• _ENTRIES SHOWN_
....
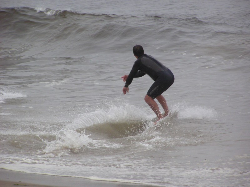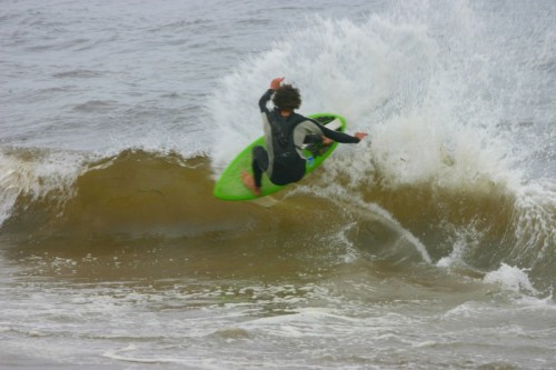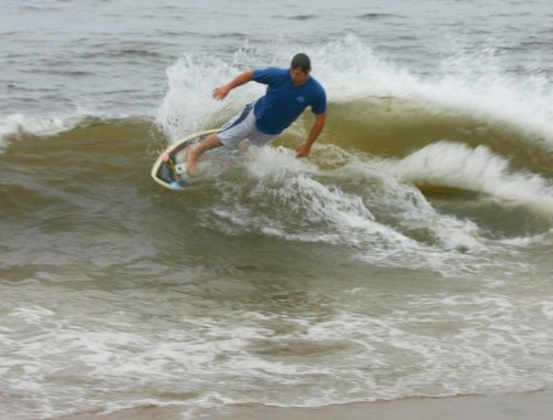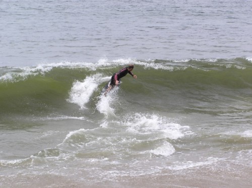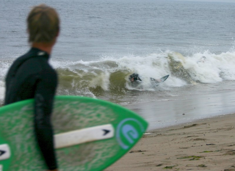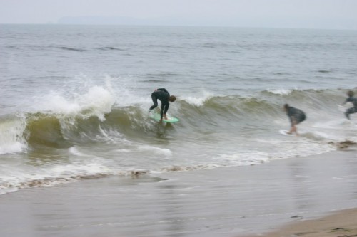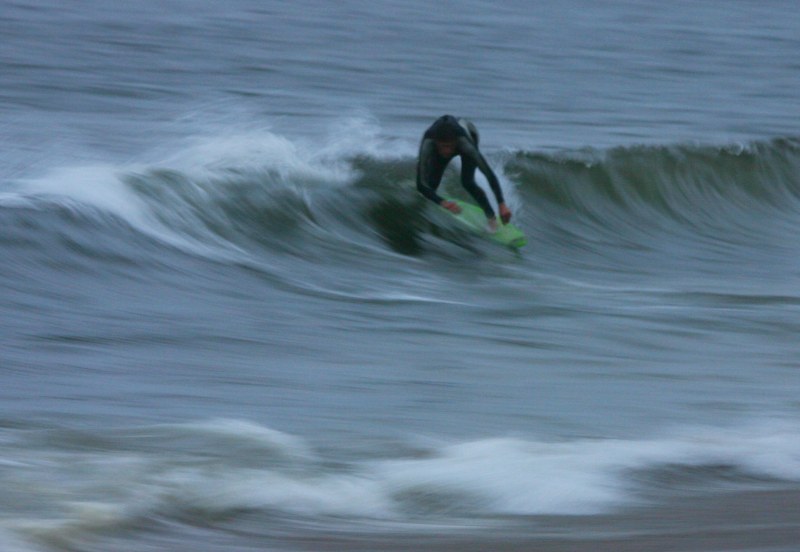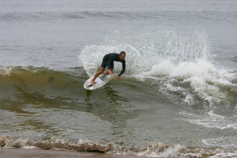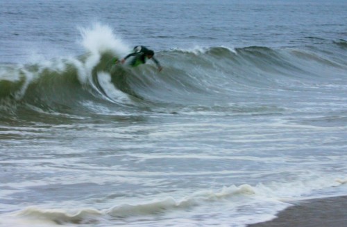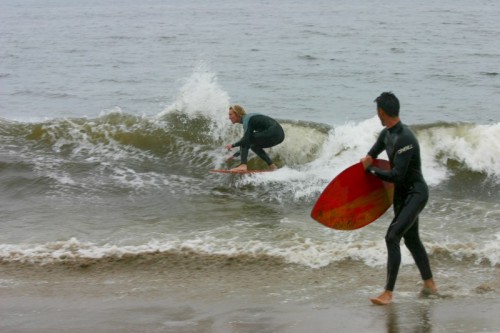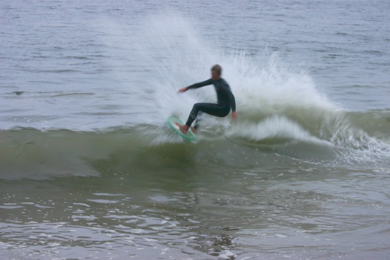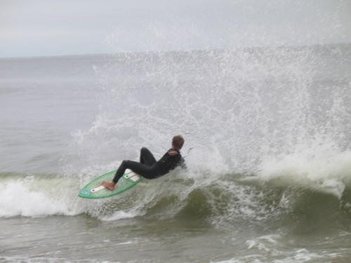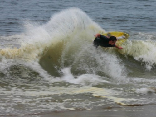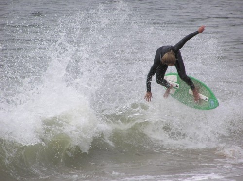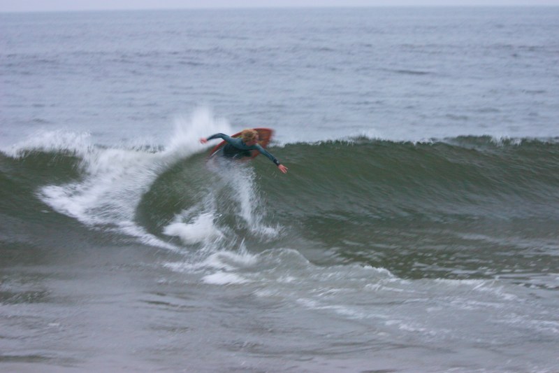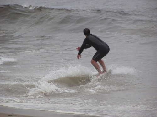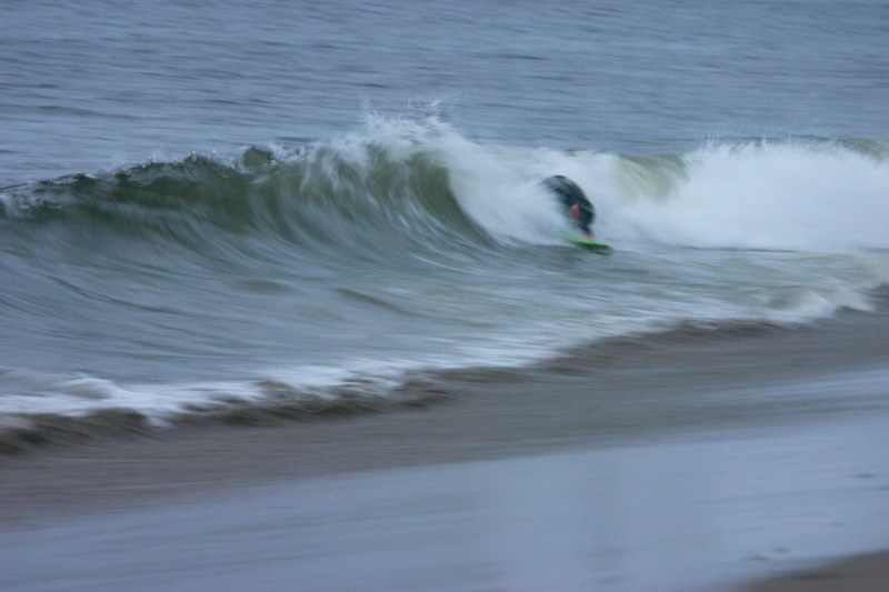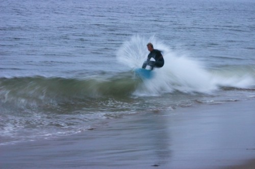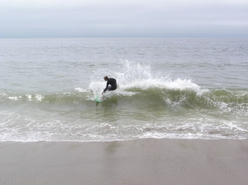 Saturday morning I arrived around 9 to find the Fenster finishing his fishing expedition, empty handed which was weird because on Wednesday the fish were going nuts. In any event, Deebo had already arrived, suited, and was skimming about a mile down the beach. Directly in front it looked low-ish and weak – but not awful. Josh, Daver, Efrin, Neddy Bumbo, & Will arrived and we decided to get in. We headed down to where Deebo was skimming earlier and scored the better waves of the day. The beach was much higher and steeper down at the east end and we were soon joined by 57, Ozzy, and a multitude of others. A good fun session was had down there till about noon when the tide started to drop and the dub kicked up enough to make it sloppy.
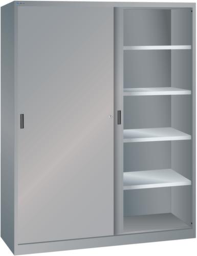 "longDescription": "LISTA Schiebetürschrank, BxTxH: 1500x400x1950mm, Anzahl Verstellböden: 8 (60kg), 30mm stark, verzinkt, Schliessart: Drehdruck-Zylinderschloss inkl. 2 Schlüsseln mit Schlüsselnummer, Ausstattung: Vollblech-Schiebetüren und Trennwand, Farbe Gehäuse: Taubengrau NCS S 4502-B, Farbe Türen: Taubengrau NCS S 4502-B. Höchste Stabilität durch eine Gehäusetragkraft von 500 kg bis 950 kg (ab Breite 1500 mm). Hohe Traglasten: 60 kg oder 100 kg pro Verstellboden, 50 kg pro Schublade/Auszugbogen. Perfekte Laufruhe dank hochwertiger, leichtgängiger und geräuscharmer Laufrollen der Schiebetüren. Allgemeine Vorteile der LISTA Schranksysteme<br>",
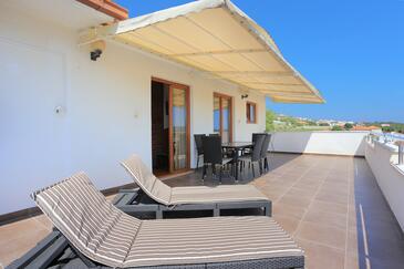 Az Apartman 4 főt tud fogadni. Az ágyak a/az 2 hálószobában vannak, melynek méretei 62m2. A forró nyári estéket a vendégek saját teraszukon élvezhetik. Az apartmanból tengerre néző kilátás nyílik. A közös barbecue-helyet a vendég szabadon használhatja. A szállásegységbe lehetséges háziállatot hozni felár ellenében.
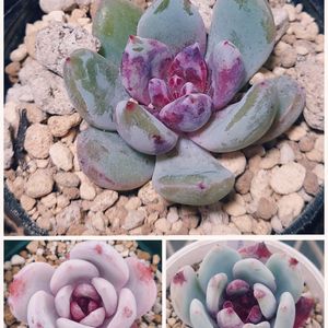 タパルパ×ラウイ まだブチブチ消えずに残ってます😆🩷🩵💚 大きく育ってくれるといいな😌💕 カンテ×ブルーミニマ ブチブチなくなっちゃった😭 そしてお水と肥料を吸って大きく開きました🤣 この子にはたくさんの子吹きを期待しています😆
....
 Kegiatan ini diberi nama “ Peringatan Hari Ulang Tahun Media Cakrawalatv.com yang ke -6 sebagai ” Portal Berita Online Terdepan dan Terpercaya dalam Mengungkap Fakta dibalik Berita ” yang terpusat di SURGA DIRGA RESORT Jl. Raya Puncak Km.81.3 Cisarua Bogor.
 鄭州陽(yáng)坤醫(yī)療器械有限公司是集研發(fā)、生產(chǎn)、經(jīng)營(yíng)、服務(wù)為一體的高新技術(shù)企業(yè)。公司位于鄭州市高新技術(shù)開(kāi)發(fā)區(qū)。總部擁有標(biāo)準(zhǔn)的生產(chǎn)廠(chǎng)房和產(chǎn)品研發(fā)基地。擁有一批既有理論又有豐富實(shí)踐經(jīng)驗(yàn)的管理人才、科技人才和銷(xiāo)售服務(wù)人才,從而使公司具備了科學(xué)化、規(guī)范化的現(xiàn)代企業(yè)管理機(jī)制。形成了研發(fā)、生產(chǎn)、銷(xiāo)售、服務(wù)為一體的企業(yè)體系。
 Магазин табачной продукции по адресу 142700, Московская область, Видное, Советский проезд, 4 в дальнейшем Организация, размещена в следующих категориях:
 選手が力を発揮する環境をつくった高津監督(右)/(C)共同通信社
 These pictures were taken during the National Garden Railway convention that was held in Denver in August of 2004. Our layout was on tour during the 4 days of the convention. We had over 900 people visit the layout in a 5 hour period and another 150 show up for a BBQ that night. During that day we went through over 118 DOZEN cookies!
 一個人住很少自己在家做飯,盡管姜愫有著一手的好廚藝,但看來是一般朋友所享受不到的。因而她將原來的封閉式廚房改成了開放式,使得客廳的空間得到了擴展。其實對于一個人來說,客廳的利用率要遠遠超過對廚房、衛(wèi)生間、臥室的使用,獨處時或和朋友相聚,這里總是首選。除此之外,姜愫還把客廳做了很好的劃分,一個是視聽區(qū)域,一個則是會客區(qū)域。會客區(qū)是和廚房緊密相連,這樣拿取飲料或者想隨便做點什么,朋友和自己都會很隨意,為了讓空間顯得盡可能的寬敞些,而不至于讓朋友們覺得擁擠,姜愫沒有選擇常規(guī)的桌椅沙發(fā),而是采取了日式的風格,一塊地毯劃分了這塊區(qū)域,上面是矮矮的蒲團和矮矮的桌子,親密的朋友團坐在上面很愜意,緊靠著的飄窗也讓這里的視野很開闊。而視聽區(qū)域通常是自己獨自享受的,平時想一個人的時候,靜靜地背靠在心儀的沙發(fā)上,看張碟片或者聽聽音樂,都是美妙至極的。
....
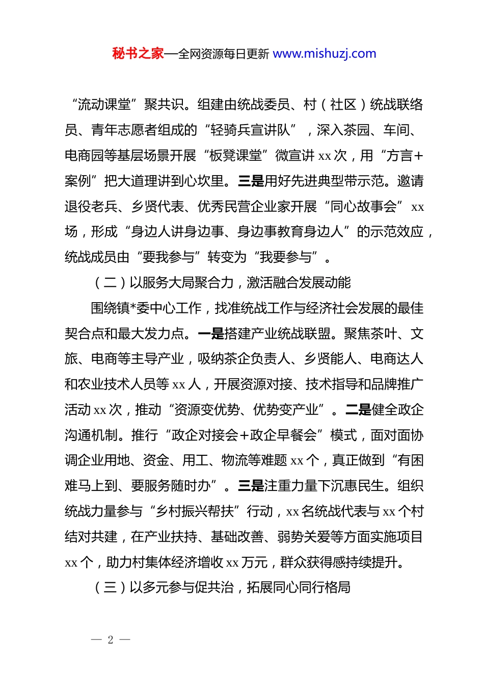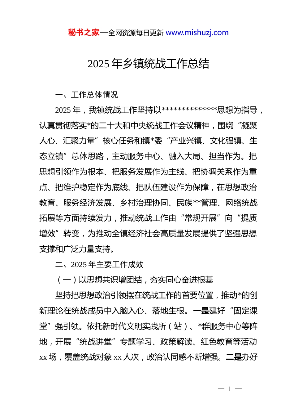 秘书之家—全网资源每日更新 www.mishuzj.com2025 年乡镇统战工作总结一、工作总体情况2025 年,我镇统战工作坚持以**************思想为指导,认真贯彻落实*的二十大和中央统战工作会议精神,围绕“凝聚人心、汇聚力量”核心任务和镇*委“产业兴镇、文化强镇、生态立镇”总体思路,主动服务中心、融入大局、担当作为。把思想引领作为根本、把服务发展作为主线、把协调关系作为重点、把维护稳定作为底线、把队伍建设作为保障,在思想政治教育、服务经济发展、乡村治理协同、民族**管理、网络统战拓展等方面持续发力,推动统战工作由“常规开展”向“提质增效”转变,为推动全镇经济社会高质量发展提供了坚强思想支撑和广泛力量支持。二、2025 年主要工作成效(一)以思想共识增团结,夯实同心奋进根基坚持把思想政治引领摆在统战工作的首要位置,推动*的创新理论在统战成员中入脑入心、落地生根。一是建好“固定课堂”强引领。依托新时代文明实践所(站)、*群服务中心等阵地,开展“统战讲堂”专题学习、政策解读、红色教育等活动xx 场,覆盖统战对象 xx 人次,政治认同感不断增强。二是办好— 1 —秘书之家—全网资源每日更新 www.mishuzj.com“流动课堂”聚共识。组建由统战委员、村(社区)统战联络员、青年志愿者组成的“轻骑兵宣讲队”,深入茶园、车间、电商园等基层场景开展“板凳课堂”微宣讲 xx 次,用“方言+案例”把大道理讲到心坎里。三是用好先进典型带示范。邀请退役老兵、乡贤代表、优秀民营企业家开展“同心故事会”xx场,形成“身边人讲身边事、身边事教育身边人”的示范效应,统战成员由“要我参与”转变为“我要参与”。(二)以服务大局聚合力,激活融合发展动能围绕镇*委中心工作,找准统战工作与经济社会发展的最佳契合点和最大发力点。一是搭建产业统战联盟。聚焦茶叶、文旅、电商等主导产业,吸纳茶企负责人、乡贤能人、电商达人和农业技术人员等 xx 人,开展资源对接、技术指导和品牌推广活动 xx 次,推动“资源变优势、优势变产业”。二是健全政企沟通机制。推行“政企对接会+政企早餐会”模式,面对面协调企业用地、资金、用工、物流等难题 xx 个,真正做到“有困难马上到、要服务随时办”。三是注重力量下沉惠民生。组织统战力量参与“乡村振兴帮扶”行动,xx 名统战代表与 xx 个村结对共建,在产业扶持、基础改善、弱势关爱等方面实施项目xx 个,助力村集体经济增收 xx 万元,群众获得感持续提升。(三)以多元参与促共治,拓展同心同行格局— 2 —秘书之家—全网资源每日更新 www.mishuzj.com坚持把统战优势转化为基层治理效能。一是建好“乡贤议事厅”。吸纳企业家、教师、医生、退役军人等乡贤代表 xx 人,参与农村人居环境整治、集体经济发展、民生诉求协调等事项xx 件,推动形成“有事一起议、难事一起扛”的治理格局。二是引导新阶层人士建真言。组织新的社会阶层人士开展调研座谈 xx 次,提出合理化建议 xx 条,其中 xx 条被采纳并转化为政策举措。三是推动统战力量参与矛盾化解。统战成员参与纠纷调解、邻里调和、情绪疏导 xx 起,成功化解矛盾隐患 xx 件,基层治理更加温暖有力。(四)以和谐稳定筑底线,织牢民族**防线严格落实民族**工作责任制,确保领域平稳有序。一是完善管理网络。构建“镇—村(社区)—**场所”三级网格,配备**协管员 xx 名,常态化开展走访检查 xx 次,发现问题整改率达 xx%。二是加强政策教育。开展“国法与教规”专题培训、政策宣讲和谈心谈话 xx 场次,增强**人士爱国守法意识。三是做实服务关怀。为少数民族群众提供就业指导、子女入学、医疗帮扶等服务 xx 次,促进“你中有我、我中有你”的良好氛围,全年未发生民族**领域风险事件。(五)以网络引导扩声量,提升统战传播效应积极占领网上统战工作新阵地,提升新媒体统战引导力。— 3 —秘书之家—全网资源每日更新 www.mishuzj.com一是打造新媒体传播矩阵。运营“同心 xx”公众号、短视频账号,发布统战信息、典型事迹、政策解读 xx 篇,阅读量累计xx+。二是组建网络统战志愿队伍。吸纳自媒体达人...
....
• _TASK ITEM_
Once you find the line with "Магазин табачной продукции" above, print it and every line after it up to and including the line with "These pictures were", exactly as written and nothing else.

• _RESPONSE BOX_
 Магазин табачной продукции по адресу 142700, Московская область, Видное, Советский проезд, 4 в дальнейшем Организация, размещена в следующих категориях:
 選手が力を発揮する環境をつくった高津監督(右)/(C)共同通信社
 These pictures were taken during the National Garden Railway convention that was held in Denver in August of 2004. Our layout was on tour during the 4 days of the convention. We had over 900 people visit the layout in a 5 hour period and another 150 show up for a BBQ that night. During that day we went through over 118 DOZEN cookies!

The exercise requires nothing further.